Certes, c’était la disette, souvent, pas de pain …
souper par cœur… rats de cave … Mais tout de même, il y avait bien des turbots à Paris, ne serait-ce que pour fournir les plus prestigieux restaurants, comme Very, où Robespierre avait ses habitudes jusqu'à privatiser un cabinet particulier face aux terrasses des Feuillants, ou Méot, la cantine de Saint-Just, de Barrère (celui qui conseillait la frugalité civique) et de Camille Desmoulins qui, entre autres plates bouffonneries (Barnave) s'est fendu de celle-là : Je veux célébrer la République, pourvu que ses
banquets se fassent chez Méot ! Voilà les fondements de la République, en marche ou pas, portée par des hommes (et femmes) nouveaux, pendant que le peuple est à la diète.
Alors, que faire d'un turbot et quand on s’appelle Alexandre
Grimod de La Reynière, rentier désargenté, et qu'on ne va pas chez Very, ni chez Méot ?
Le turbot, surnommé, à cause de sa beauté, le Faisan de
la mer, et qui mérite, par sa majestueuse amplitude, le titre de Roi du carême,
se sert ordinairement au court-bouillon (…). Mais le lendemain de sa première
apparition, c’est autre chose : on peut le déguiser (...). Le meilleur de
ces déguisements, c’est de le mettre en Béchamel.

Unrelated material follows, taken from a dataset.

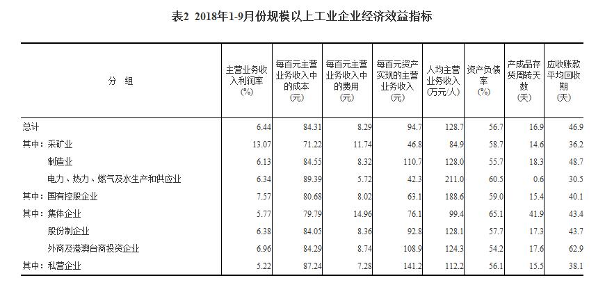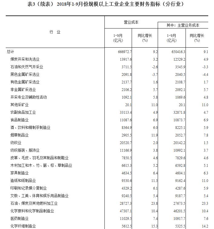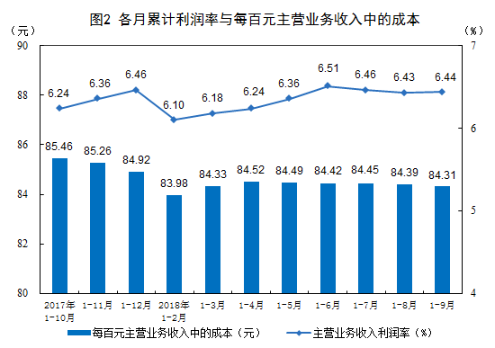 1-9月份,規模以上工業企業實現主營業務收入77.1萬億元,同比增長9.4%;發生主營業務成本65萬億元,增長9.1%;主營業務收入利潤率為6.44%,同比提高0.29個百分點。

Je ne vous ferai pas l'affront de vous expliquer comment se fait cuire un poisson au court-bouillon, aussi : pas de recette aujourd'hui.
Mais simplement un conseil datant de l'époque d'Alexandre, et plus précisément
de M. Vincent de La Chapelle : servez votre turbot avec une sauce au beurre de
homard. Bien meilleur qu'avec une sauce hollandaise ou
une sauce blanche au raifort épicé.
Pilez avec du beurre fin les œufs qui se trouvent dans
l'intérieur ou
sous la queue d'un homard, passez-les à travers un tamis de
soie ; ramassez sur une assiette votre beurre, qui se trouve d’un beau
rouge.
Il ne me reste plus qu'à vous souhaiter un bon appétit!
Sources : Almanach 1ère et 6ème année; Néo-Physiologie du goût.